I say, “That’s right; and what happens if you push down near the edge, halfway between two of the legs?”

“It flips over!”

I say, “OK! That’s better!”

The point is that the student had not realized that these were not just mathematical problems; they described a real table with legs. Actually, it wasn’t a real table, because it was perfectly circular, the legs were straight up and down, and so on. But it nearly described, roughly speaking, a real table, and from knowing what a real table does, you can get a very good idea of what this table does without having to calculate anything—you know darn well where you have to lean to make the table flip over.

So, how to explain that, I don’t know! But once you get the idea that the problems are not mathematical problems but physical problems, it helps a lot.

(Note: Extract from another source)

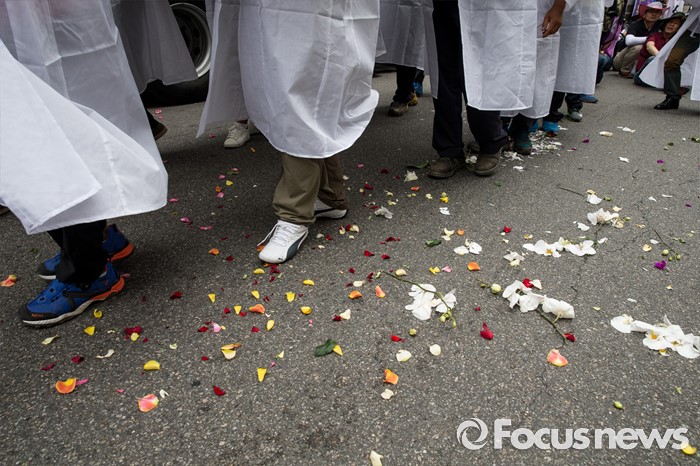 (서울=포커스뉴스) 29일 오후 서울 영등포구 국회의사당 인근에서 전국화훼협회 등 27개 단체원들이 김영란법 반대를 외치며 꽃상여를 메고 행진하고 있다.

This passage makes a point similar to the one in Glen Coughlin's introduction to his translation of Aristotle's Physics: that knowledge and thoughts about the physical world are prior to the abstract knowledge of modern mathematical physics:

To understand Newton's argument for universal gravitation, one must have experience of weight in things and in oneself, of the motion of the stars and planets and moons. Knowing calculus is not enough. This hybrid science [mathematical physics], then, comes after the consideration of nature through non-mathematical means.


Richard P. Feynman, Michael A. Gottlieb, Ralph Leighton, Feynman's Tips on Physics: A Problem-Solving Supplement to the Feynman Lectures on Physics (Boston: Pearson, 2006), 52-53.

Aristotle, Physics, or Natural Hearing, trans. Glen Coughlin (South Bend, IN: St. Augustine’s Press, 2005), xii.